▶ [Given data]:
================================

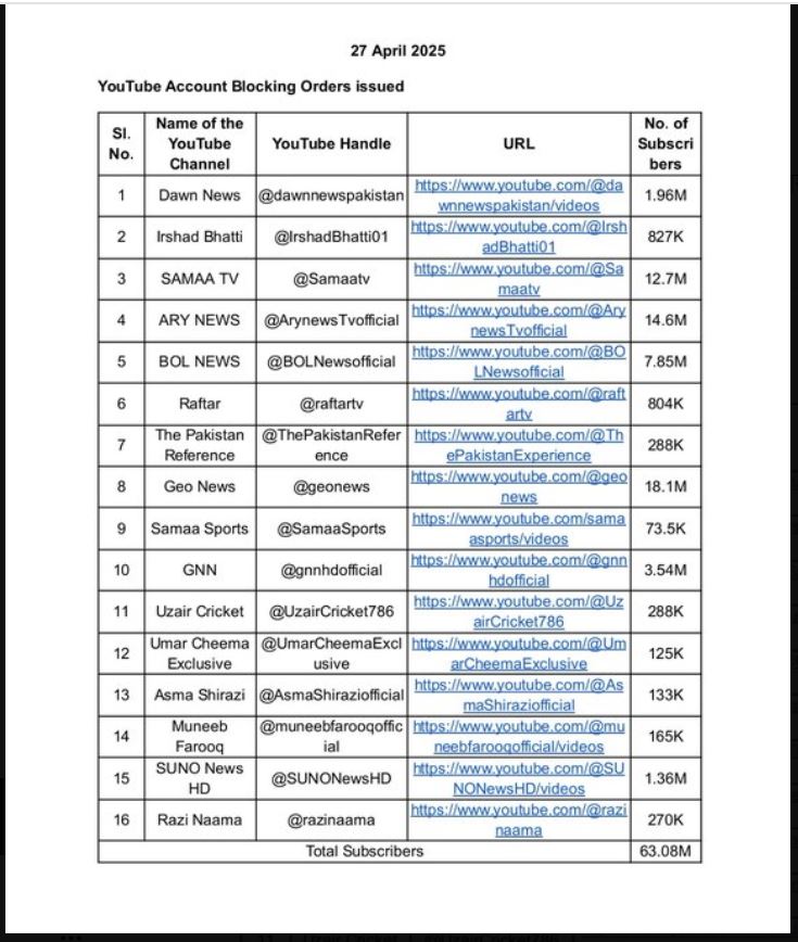 INTERNATIONAL16 big Pakistani YouTube channels banned in India, government also warned BBC
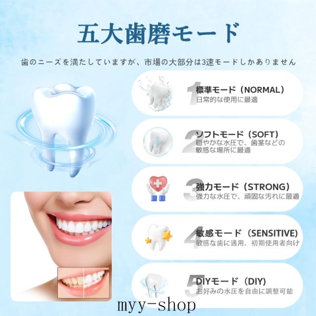独自の超音波水流技術であるスーパージェット水流があり、歯垢除去率は99.9%に達しております。ジェットウォッシャーの振動ジェット周波数は1分間に1300・2400回になり、歯の隙間の汚れを徹底的に取り除き、歯と口を健康に保ち。歯ぐきの状態に合わせて強さが選べる5種類運転モード、5つのモードは、それぞれにPulse、Nornal、Soft、SensitiveとBurstFireです。ワンボタンでご自由に切り替えることができます。各モードは、それぞれに各口腔ケアのニーズを満たすために、各スプレー頻度と水流モードに対応します。 お客様がご自身のお好みによって、適切な水圧モードを選び、もっと快適な口掃除を行いましょう。敏感歯を持つ方々でも適用します。
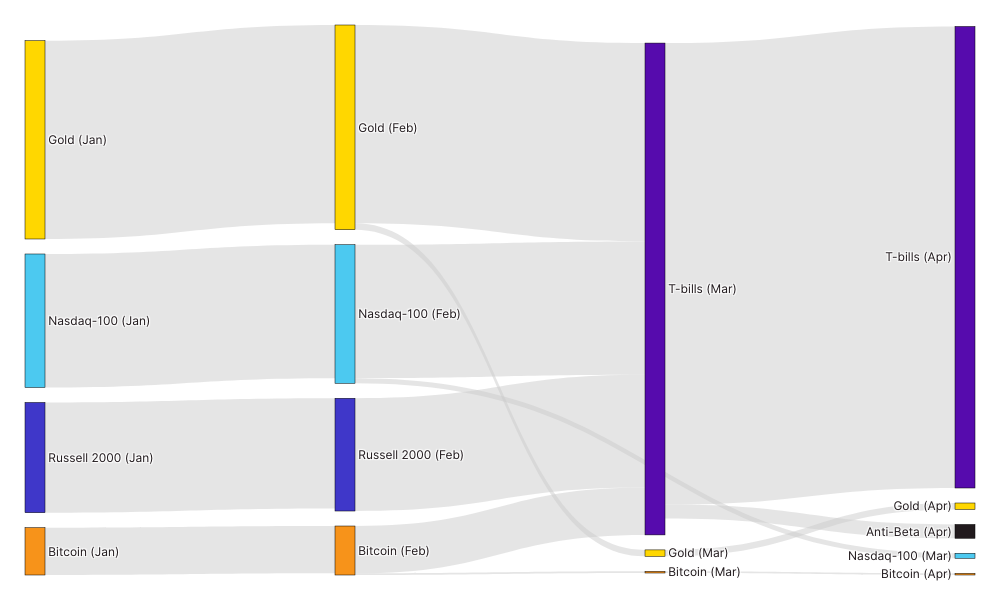 The portfolio stands out due to its adaptability, shifting between aggressive and defensive positions as the market evolves. The Sankey chart above illustrates that in January and February, roughly 60% of assets were allocated to risk-on positions. As market momentum waned, the strategy shifted almost entirely to safe assets like Treasury Bills (BIL).

================================

▶ [Activity]:
Your answer must be the exact lines from the start of the data through the line with "独自の超音波水流技術であるス", inclusive, and nothing else; pictures do not belong in it.

▶ [Result of this task]:
 INTERNATIONAL16 big Pakistani YouTube channels banned in India, government also warned BBC
独自の超音波水流技術であるスーパージェット水流があり、歯垢除去率は99.9%に達しております。ジェットウォッシャーの振動ジェット周波数は1分間に1300・2400回になり、歯の隙間の汚れを徹底的に取り除き、歯と口を健康に保ち。歯ぐきの状態に合わせて強さが選べる5種類運転モード、5つのモードは、それぞれにPulse、Nornal、Soft、SensitiveとBurstFireです。ワンボタンでご自由に切り替えることができます。各モードは、それぞれに各口腔ケアのニーズを満たすために、各スプレー頻度と水流モードに対応します。 お客様がご自身のお好みによって、適切な水圧モードを選び、もっと快適な口掃除を行いましょう。敏感歯を持つ方々でも適用します。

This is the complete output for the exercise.